FleetLM Architecture

FleetLM is built for predictable latency and zero data loss in distributed environments. We use Raft consensus for the write path with Postgres as a write-behind cache, trading maximum throughput for operational simplicity and resilience.

Core Principles

  1. Remove the database from the critical path - Raft consensus provides quorum writes, Postgres is a write-behind cache
  2. Stateless request handling - No per-session processes, pure message routing
  3. Horizontal scalability via sharding - 256 Raft groups distribute load automatically
  4. Boring, battle-tested technology - Ra (RabbitMQ's Raft), Phoenix.Presence (CRDT), Postgres

Every node in the cluster is identical, no designated "edge" or "owner" nodes. Clients connect to any node via WebSocket. That node routes messages to the appropriate Raft group (determined by hash), which replicates to 2-of-3 replicas before acknowledging. PubSub broadcasts the committed message back to subscribed clients.

Key insight: Raft leader election is automatic. If the node handling your WebSocket dies, reconnect to any other node. If a Raft group's leader dies, followers elect a new leader within ~150ms. The system self-heals.

Inbox & Session Management

Client communication is split into two paths

  • Inbox: maintains a holistic view of all sessions for a user. It subscribes to metadata and publishes deltas of what has happened on regular intervals. It allows a user to have multiple sessions active without being overwhelmed with raw message streams. We maintain one inbox per user.
  • Session: a dedicated path for each session. It subscribes to raw data on that session, and allows the client to send messages on the same path. This will firehose all messages as they're published back to the client subscribed to this session. A user may be in many sessions simultaneously.

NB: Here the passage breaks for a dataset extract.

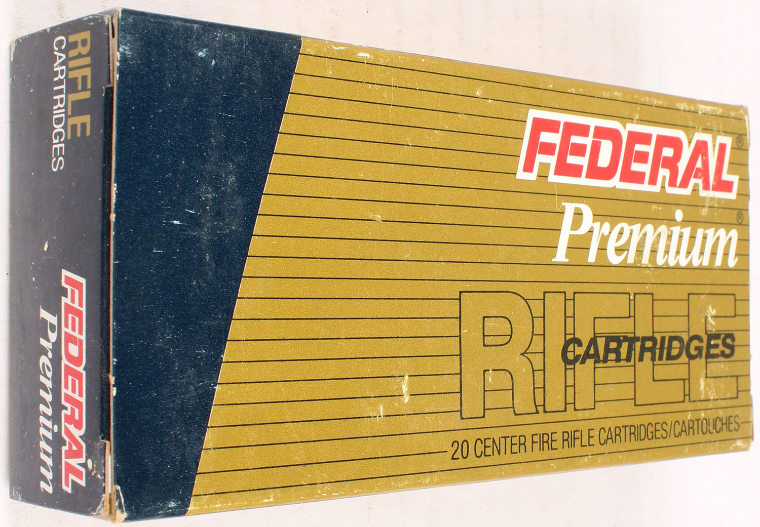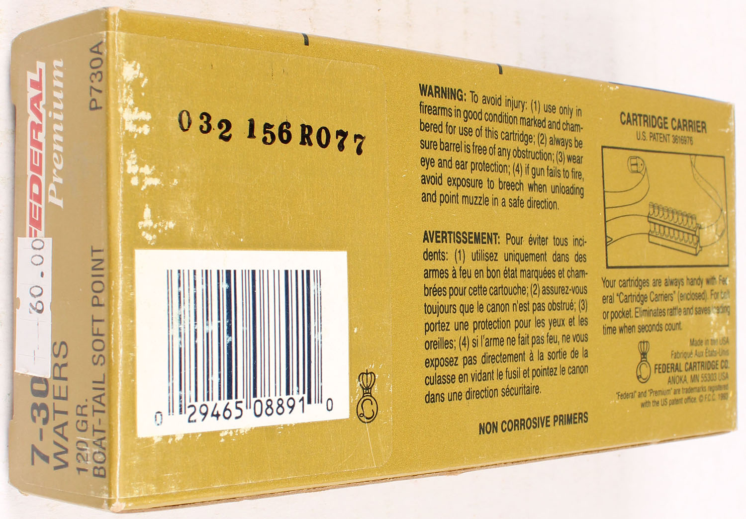 Federal, Premium, 7-30 Waters, 120 Grain Boat-Tail Soft Point, Full, 1pc., multi-colored box, box is solid with great color, minor shelf wear, end flaps are solid, ammo is excellent. Grade: Excellent + - Value: 20 to 80

This allows us to split traffic and avoid oversubscribing to data we don't need from a client perspective. For example if a client is juggling 10 sessions that each have 10 messages/s there is no need to receive all of those messages, and thus only subscribe to the currently "active" session in the client UI rather than all at once. The inbox ensures the client can keep track of sessions in need of replay when the end-user navigates to another session for example.

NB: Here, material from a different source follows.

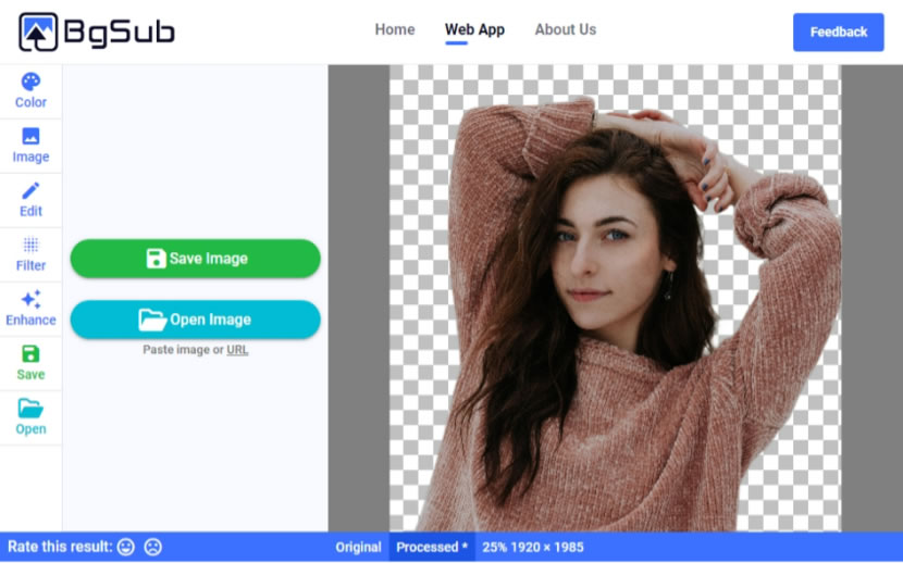 首頁線上工具影像繪圖 BgSub 全自動化的圖片去背景或背景合成免費線上服務 如今要將圖片背景去除成透明狀或是替換成其它背景的工具有相當多的選擇,BgSub 是個可自動化將圖片去除背景的免費網站,其使用方式很簡單,使用者僅需進入 BgSub 網站將圖片交由瀏覽器處理,就可以取回已去背景且無任何浮水印的圖片,除此之外,已去背景的圖片,也可以替換成系統準備的背景或是由使用者自行上傳的背景圖,BgSub 處理相片的內容並不限定人物,舉凡產品、動物、衣服及植物都可以處理,相當方便。 🔔 不錯過任何精彩! 立即訂閱我們的 LINE 官方帳號 每次發佈新文章時,您將會第一時間收到本站文章連結通知,輕鬆掌握最新資訊! 使用 LINE 追蹤文章更新 §相關文章,還可以參閱:Google 親自示範:Nano Banana AI 圖像編輯工具的 13 個熱門玩法照片角度不滿意?AI 幫你調整!3D Camera Control 讓舊照片任意變換視角Meta AI 免費帳戶也能用 Midjourney!無限生成 AI 圖片,台灣可用Nano Banana Pro 幫你放煙火,地點、形狀由你指定Mock.Club:免費 AI Mockup 素材庫,拖曳截圖立即生成專業展示圖 如何使用 BgSub 去除或加入背景? 1.使用瀏覽器進入 BgSub 網站,看完說明就可以點擊[ Launch BgSub ]進入實際圖片去背景的操作。 2.點擊[ Open Image ]選擇圖片或直接使用 BgSub 所準備的範例圖。 3.完成處理後就可以點擊[ Save Image ]直接下載,或是使用頁面最左側的 Color、Image、Edit ...等工具來替換背景或編輯圖片。 BgSub網站網址:https://bgsub.com/

The core idea is that each user has one inbox stream and can join/leave sessions as necessary. On joining a session the client sends the last sequence number (message seq) it has seen; FleetLM replays anything newer so the user is caught up.

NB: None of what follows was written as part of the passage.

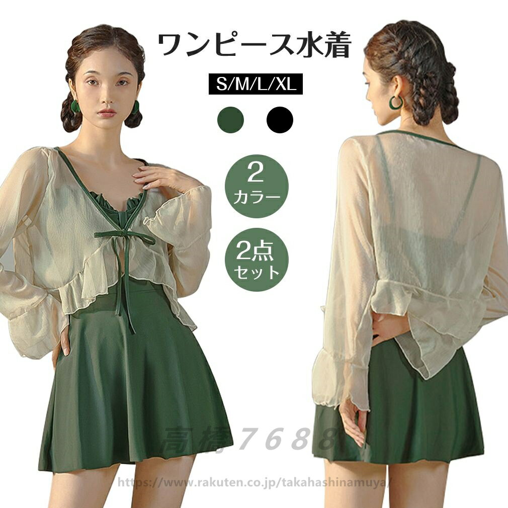 【2点セット】 水着 ワンピース レディース オールインワン 体型カバー水着 20代 30代 40代・・・

Session delivery is at-least-once with sequence numbers. On reconnect the client sends last_seq and we replay from the local log until caught up. ACKs are implicit via advancing last_seq.

Message Flow

Storage Architecture

FleetLM prioritizes availability and predictable latency over maximum throughput. We use battle-tested distributed consensus (Raft) instead of custom replication, trading single-node performance for multi-datacenter resilience.

Design Goals

  1. Predictable p99 latency (under 150ms) even under load spikes
  2. Zero data loss during node failures or network partitions
  3. Horizontal scalability without manual sharding
  4. Simple mental model - no eventually-consistent quirks to debug

The Trade-Off: Raft vs Custom WAL

Why Raft (what we chose):

  • Proven consensus algorithm (used by etcd, Consul, CockroachDB)
  • RabbitMQ's Ra implementation is battle-tested at massive scale
  • Automatic leader election, log replication, split-brain protection
  • Quorum writes guarantee durability (2-of-3 replicas before ack)

Cost:

  • Quorum write latency: ~8-14ms on localhost, 20-50ms cross-AZ
  • Throughput reduction: ~2.5x lower than single-node (network + replication overhead)
  • Network amplification: 1 write becomes 3 (leader + 2 followers)

Why we accept this:

  • Chat workloads are latency-sensitive, not throughput-constrained
  • Eliminating unpredictable disk fsync spikes worth the quorum cost
  • No manual failover, no split-brain debugging, no data loss investigations
  • Horizontal scaling via more groups when needed

How It Works

256 Raft groups distribute load across the cluster. Each group maintains independent consensus:

  • 3 replicas spread across nodes (tolerates 1 node failure)
  • Deterministic placement via rendezvous hashing (minimal reshuffling on topology changes)
  • Parallel writes within each group (16 lanes per group = 4096 total write streams)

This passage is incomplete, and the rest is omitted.